What is Open Notebook Science? And Why am I doing it?

In 2005 Jean-Claude Bradley launched a web-based initiative called UsefulChem and named his new technique Open Notebook Science (ONS). He described it as a way of doing science in which you make all your research freely available to the public in real time. The proposed benefits include greater impact on the public good and enhanced ability to connect with like-minded collaborators. Proposed risks of ONS practice include being scooped by competitors or falling foul of Journal rules regarding prior publication and licencing of Intellectual Property.
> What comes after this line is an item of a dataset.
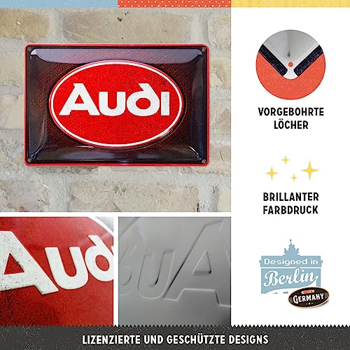 Nostalgic-Art Targhe Vintage Audi - Logo Red Shine - Idea Regalo per Accessori per Auto, in Metallo, Design Retro per Decorazione, 20 x 30 cm

To mitigate the proposed risks the concept of ONS was broadened to allow research to be made public after a delay.

In 2010 Carl Boettiger initiated an experiment “to see if any of the purported benefits or supposed risks were well-founded.” After three years of his experiment Boettiger reported that his “evidence suggests that the practice of open notebook science can faciliate both the performance and dissemination of research while remaining compatible and even synergistic with academic publishing.”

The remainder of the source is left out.